Required work —
Identify every line in the records below that contains the word "high", and copy each of those lines.
-=-=-
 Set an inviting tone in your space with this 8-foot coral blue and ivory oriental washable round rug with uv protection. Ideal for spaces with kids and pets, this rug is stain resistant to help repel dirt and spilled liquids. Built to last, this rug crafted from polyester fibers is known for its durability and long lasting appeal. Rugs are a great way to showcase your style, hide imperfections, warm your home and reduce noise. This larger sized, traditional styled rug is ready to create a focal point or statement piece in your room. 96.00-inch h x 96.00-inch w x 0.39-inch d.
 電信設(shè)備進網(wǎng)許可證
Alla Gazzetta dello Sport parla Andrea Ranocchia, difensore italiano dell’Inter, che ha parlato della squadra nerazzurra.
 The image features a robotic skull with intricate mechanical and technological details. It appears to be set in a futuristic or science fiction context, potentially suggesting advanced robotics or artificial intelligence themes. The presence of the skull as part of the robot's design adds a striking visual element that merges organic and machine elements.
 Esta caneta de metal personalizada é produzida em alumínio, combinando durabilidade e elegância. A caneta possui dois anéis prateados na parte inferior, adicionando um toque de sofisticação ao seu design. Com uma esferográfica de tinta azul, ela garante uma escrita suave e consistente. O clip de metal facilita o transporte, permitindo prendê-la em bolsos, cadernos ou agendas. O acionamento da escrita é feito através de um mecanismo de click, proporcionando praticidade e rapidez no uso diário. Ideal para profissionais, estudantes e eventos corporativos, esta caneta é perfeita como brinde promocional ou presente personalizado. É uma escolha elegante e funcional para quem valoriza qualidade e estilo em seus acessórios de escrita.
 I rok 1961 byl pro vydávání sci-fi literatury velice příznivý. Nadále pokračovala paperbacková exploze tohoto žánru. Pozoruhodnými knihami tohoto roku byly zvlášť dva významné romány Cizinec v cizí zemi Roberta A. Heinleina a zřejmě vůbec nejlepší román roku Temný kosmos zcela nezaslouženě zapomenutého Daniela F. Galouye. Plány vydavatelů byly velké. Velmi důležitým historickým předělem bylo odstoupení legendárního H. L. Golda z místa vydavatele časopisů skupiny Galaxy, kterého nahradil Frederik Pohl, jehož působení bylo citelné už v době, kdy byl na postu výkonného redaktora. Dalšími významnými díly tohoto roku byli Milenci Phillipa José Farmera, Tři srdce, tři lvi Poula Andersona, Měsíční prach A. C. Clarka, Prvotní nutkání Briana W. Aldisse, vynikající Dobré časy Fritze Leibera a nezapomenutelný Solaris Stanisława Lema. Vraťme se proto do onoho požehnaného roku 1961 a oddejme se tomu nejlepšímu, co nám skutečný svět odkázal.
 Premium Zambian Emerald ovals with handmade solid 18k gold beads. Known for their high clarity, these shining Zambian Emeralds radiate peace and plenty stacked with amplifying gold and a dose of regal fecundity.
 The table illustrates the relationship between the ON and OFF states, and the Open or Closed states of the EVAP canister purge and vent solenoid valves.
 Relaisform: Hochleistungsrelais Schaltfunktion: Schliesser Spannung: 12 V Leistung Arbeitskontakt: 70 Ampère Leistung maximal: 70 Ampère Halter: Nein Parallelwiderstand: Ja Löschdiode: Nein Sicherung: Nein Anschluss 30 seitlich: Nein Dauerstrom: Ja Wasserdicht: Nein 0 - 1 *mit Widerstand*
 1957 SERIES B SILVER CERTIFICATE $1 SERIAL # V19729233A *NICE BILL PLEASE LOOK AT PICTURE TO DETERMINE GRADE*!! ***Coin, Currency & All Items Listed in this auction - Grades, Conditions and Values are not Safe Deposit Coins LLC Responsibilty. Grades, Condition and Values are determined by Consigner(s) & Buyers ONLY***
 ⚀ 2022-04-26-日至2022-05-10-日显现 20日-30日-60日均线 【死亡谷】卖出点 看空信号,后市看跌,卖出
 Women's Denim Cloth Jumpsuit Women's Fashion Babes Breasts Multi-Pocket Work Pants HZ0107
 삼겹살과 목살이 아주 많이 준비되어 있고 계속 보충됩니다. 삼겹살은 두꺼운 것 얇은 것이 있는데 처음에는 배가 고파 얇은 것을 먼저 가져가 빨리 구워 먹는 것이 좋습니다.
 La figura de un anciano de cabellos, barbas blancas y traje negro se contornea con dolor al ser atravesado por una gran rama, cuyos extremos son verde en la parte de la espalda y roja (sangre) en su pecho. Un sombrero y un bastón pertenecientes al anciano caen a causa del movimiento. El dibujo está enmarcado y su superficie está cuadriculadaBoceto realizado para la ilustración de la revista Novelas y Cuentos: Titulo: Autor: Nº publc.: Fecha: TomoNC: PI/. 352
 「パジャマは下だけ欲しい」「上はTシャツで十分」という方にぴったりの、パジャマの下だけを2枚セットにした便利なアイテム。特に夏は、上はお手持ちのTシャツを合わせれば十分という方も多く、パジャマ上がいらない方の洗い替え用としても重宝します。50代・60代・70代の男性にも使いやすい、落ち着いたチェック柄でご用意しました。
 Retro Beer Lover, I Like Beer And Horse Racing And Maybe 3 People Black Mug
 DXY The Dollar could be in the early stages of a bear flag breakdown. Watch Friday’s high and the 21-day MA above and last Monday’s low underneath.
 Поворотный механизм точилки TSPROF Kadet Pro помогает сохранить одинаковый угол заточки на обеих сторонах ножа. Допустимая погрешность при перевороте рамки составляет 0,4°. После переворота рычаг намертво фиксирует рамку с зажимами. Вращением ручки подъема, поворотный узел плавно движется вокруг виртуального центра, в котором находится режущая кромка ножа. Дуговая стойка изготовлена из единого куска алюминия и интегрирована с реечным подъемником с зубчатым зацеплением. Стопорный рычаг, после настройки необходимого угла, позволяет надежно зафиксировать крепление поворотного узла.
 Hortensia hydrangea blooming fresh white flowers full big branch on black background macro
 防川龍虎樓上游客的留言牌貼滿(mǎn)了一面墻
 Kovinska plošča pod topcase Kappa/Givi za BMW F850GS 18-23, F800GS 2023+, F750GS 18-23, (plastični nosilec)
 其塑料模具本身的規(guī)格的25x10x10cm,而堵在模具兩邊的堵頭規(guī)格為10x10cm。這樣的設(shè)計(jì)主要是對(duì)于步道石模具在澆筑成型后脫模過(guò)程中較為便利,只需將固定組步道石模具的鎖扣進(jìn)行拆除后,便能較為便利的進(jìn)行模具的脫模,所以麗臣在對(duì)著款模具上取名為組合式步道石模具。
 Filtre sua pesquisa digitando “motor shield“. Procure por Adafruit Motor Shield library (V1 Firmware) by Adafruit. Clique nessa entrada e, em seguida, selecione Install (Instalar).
-=-=-
Answer to this problem —
 Premium Zambian Emerald ovals with handmade solid 18k gold beads. Known for their high clarity, these shining Zambian Emeralds radiate peace and plenty stacked with amplifying gold and a dose of regal fecundity.
 DXY The Dollar could be in the early stages of a bear flag breakdown. Watch Friday’s high and the 21-day MA above and last Monday’s low underneath.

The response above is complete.